I was on horseback one day, passing leisurely in an idle mood out of the mouth of a ravine that led to an open valley, when I saw a lady, in a riding-habit, mounted at no great distance from me. Her horse was apparently picking his way slowly through the hillocks that dotted the surface of the sward. The appearance of a lady alone loitering in so unfrequented a spot surprised me. Had I seen an apparition I could not have been more astonished.

As she moved past toward the opposite side she turned her head, and her clear, pensive eyes, fell full upon my face with an expression of ineffable sweetness.

Where had I seen those features before? They seemed quite familiar to me. The dress, the action of her arm as she reined up her horse, and, above all, the sad beauty of her eyes, I could have protested I had seen a hundred times. Yet an instant's reflection would have sufficed to convince me that I was under a mistake, for visitors or friends like her there were none in our lonely house.
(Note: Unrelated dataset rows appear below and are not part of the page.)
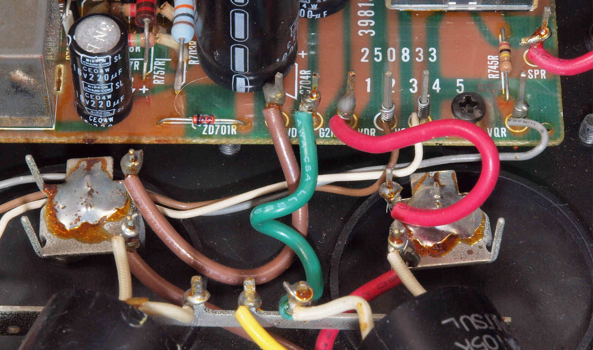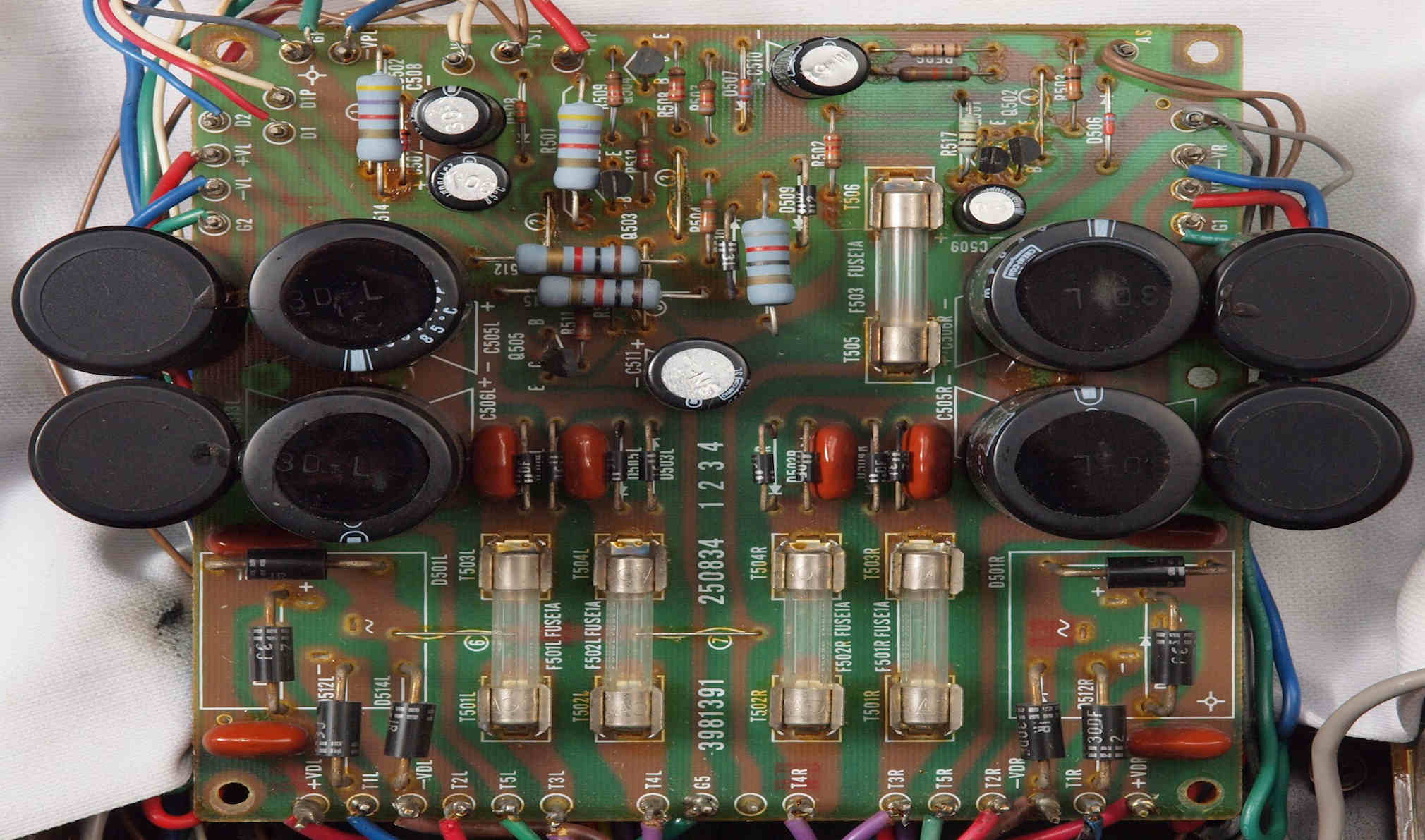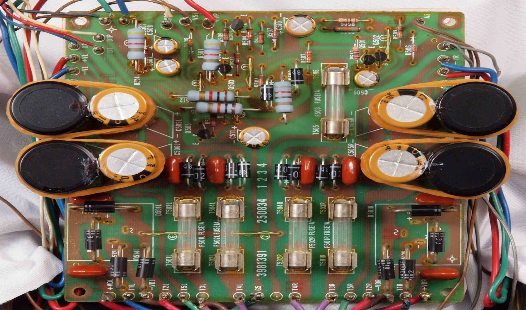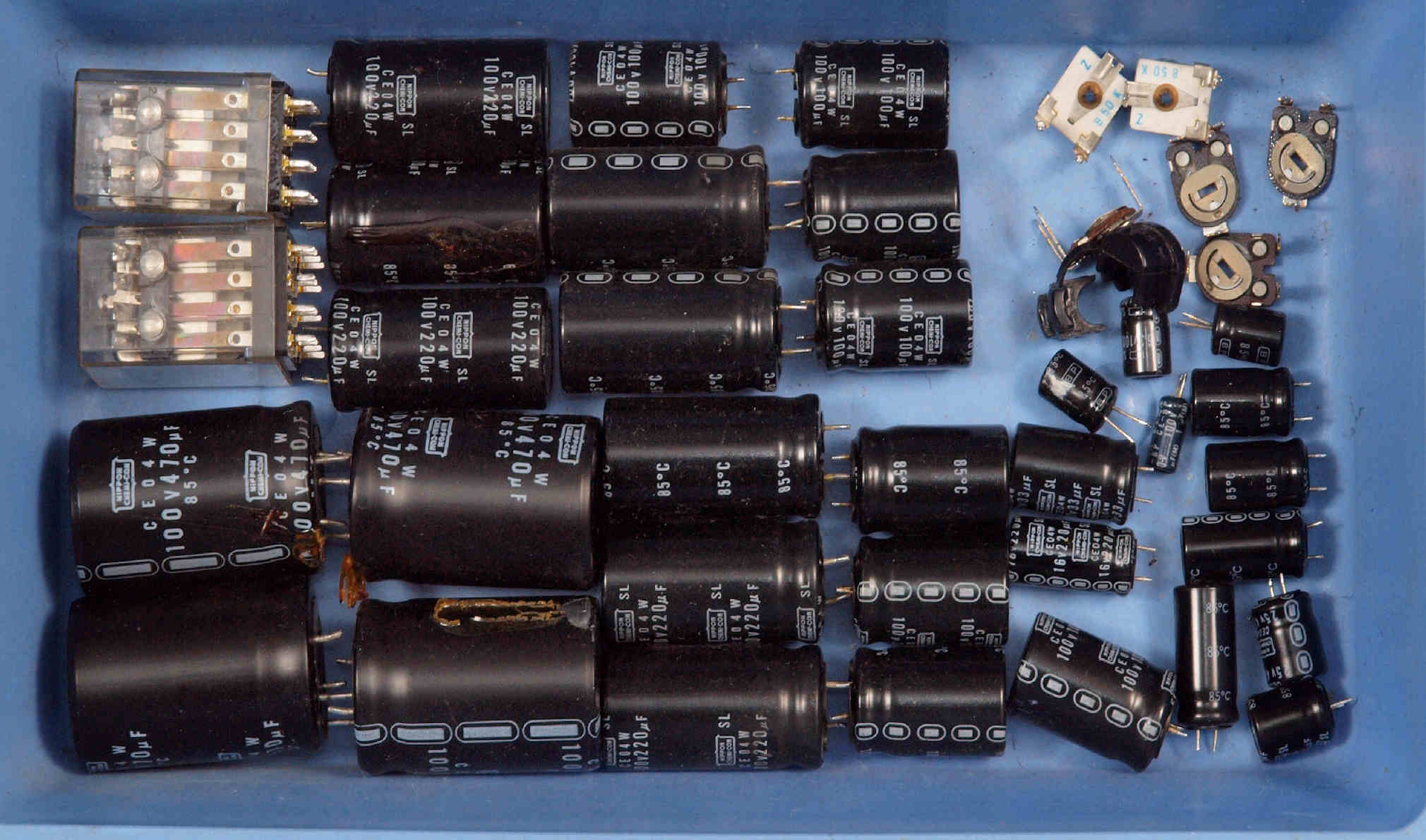 ヒューズ入り抵抗全部、電解コンデンサー11個交換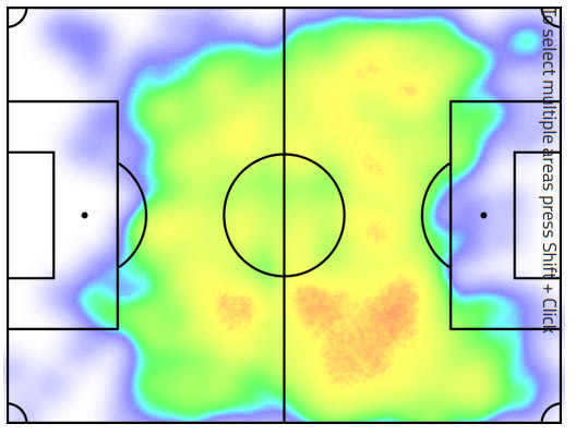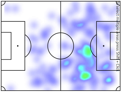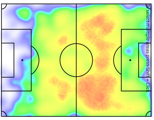 Ο θερμικός του χάρτης “μιλάει” για τον χώρο δράσης του εντός γηπέδου. Έναςbox to boxμέσος, ο οποίος είναι πιο “ζεστός” από τη μεσαία γραμμή μέχρι και την αντίπαλη περιοχή, με στόχο είτε να τροφοδοτεί τους συμπαίκτες του στο τελευταίο τρίτο του γηπέδου, είτε ο ίδιος να δίνει εκεί το παρών για να τελειώνει φάσεις. Και η δραστηριότητα στο τελευταίο τρίτο του γηπέδου είναι αυτή που “μετράει” καθώς ο βαθμός δυσκολίας για τη δράση στο συγκεκριμένο κομμάτι, είναι ο μεγαλύτερος δυνατόν.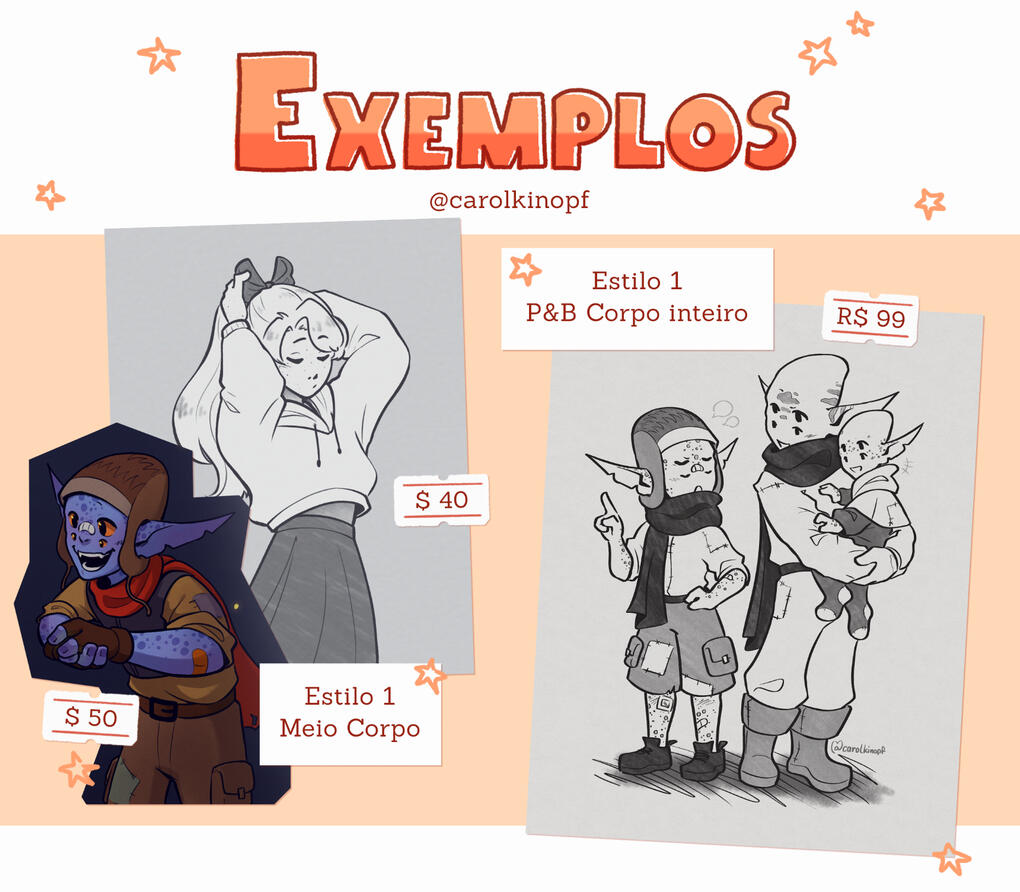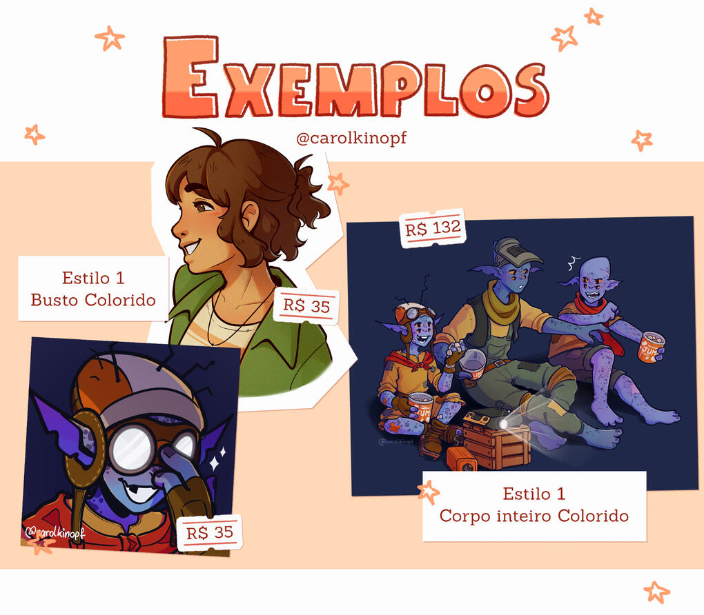 Informações adicionais: pequenas mudanças no personagens, poses específicas, outfits, e o que mais você quiser que esteja no desenho :)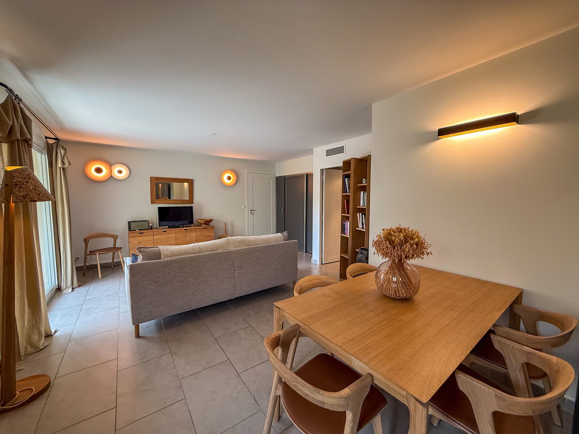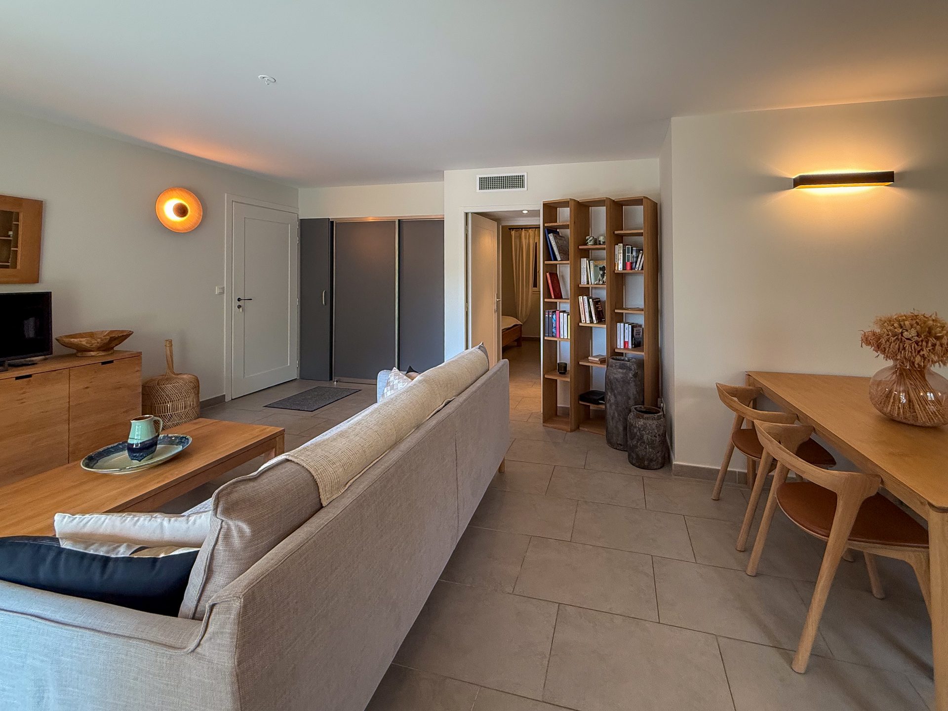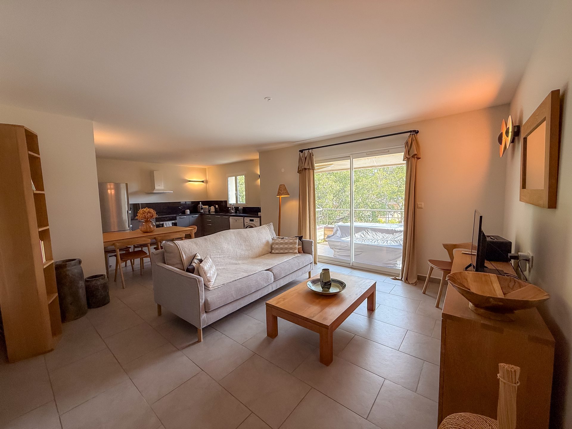 L’appartement, joliment décoré, se compose d’un séjour lumineux avec espace salon et coin repas, prolongé par une cuisine ouverte entièrement équipée. L’ensemble s’ouvre sur une agréable terrasse partiellement couverte, idéale pour profiter de la vue sur la mer et la tour de Pinarello.
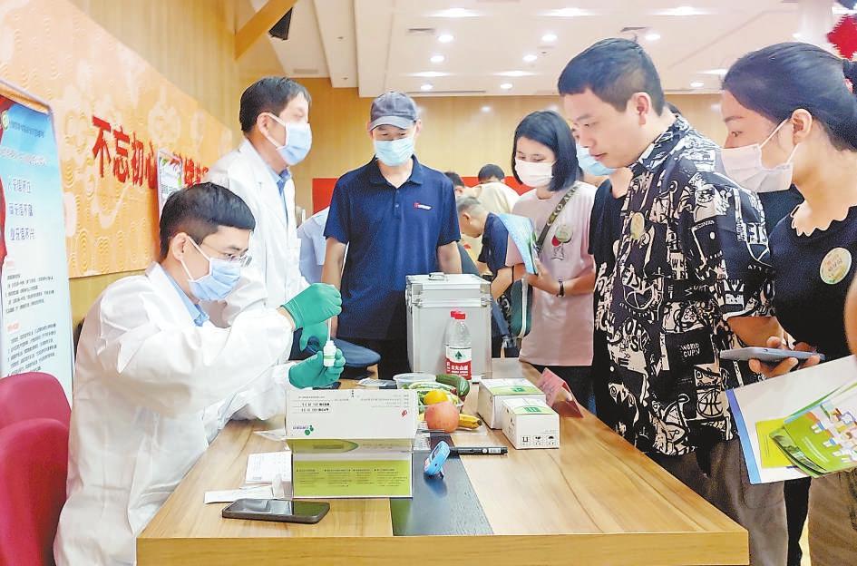 近日,北京市東城區(qū)王府井地區(qū)食品安全示范樓宇創(chuàng)建啟動儀式在王府井百貨大樓舉行。此次示范樓宇創(chuàng)建將采取政府主導和社會監(jiān)督相結合、部門監(jiān)管與業(yè)主自律相促進的辦法,充分發(fā)揮優(yōu)秀典范的帶動作用,全面提高食品經營者主體責任意識、誠信意識和食品安全管理水平。圖為啟動儀式上工作人員對社會關注度較高的食品進行現場檢測。(董芳忠)

Her brief, quiet glance, had something in it of a look of recognition. I felt as if there was a recognition on both sides. I felt, too, or imagined, that she was slightly agitated by it. I knew that my own heart fluttered wildly. My solitary life had rendered me nervous, and the dangerous lore with which my head was filled gave to the incident an immediate coloring of romance. A new sensation had taken possession of me, a new world was opening to me; the solitude and remoteness of the place, and the unexpectedness of that vision rising up among the wild flowers and the dark green heather, acted like a charm upon me, and awakened me to a sense of bewildering delight I had never experienced before.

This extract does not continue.